Andrew Tarzia, a Research Associate at the Imperial College London, was awarded funds to visit Asst. Prof. Cory Simon at Oregon State University for three weeks in 2021 to initiate a collaboration in the use of machine learning algorithms to predict host-guest finding affinities based upon molecular shapes. The award is pending the lifting of travel restrictions due to the pandemic.
Nicola Knight, an Enterprise Research Fellow – Physical Sciences Data-Science Service (PSDS) at the University of Southampton (UK) where she works with the newly-established national research facility to provide access to chemistry and physical sciences data at a national scale and to increase not only the breadth of the data, but also the ways in which the data can be used by the scientific community. She was awarded funds to support efforts related to a knowledge sharing retreat that will involve four early-career researchers (ECRs) from a cross section of research domains to participate in a 3-day workshop on the depiction of chemical information using the FAIR principles.
2021 Grant Awardees
Call for Grant proposals not circulated due to the pandemic.
Guilain Luchini,Colorado State University, Fort Collins, CO, was awarded funds to attend the Chemical Society Meeting that will be held August 24-29 in San Diego, CA to present his research in applying often-overlooked corrections to DFT frequency calculations in an automated fashion.
Roi Rutenberg,Chemistry Department at Stanford University, Stanford, CA, was awarded funds for travel to visit the University of Illinois, Chicago in order to model molecular dynamic (MD) simulations at the Kral group as part of his research related to retrieving information about pEtN cellulose’s chemical structure as an individual compound, as well as a partner in future chemical reactions.
Monika Szabo,Monash Institute of Pharmaceutical Sciences, Monash University, Victoria, Australia, was awarded funds for travel to attend two conferences at which she will present her research on drugs for myelofibrosis. The conferences are: EFMC-ASMC’19 International Symposium on Advances in Synthetic and Medicinal Chemistry – Athens Greece; 1st-5th September 2019, and the 20th SCI/RSC Medicinal Chemistry Symposium-Cambridge UK; 8th-11th September, 2019.
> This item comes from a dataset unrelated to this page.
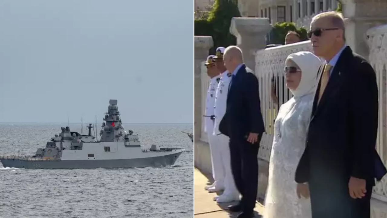 Türk donanması, İstanbul Boğazı'nda geçit töreni gerçekleştiriyor. Tören TEKNOFEST Mavi Vatan kapsamında yapılıyor.
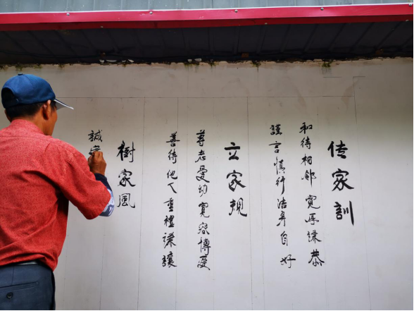 “‘传家训:和待相邻,宽厚谦恭;谨言慎行,洁身自好……’这是我请乡贤工作站人一位退休老干部帮我写的家风家训,我要让子孙后代将之传承下去。”近日,昌宁县耈街乡挖沙村大平坦村民小组张大爹指着写在家门口的家风家训,激动地说道。如今,漫步在大平坦村的村村寨寨,你会发现很多家庭都在显眼处或粘贴或题写着家风家训。

The Grant Program was created to provide funding for the career development of young researchers who have demonstrated excellence in their education, research or development activities that are related to the systems and methods used to store, process and retrieve information about chemical structures, reactions and compounds. Applicant(s), age 35 or younger, who have demonstrated excellence in their chemical information related research and who are developing careers that have the potential to have a positive impact on the utility of chemical information relevant to chemical structures, reactions and compounds, are invited to submit applications. Application deadline for the 2019 Grant is 19th April 2019.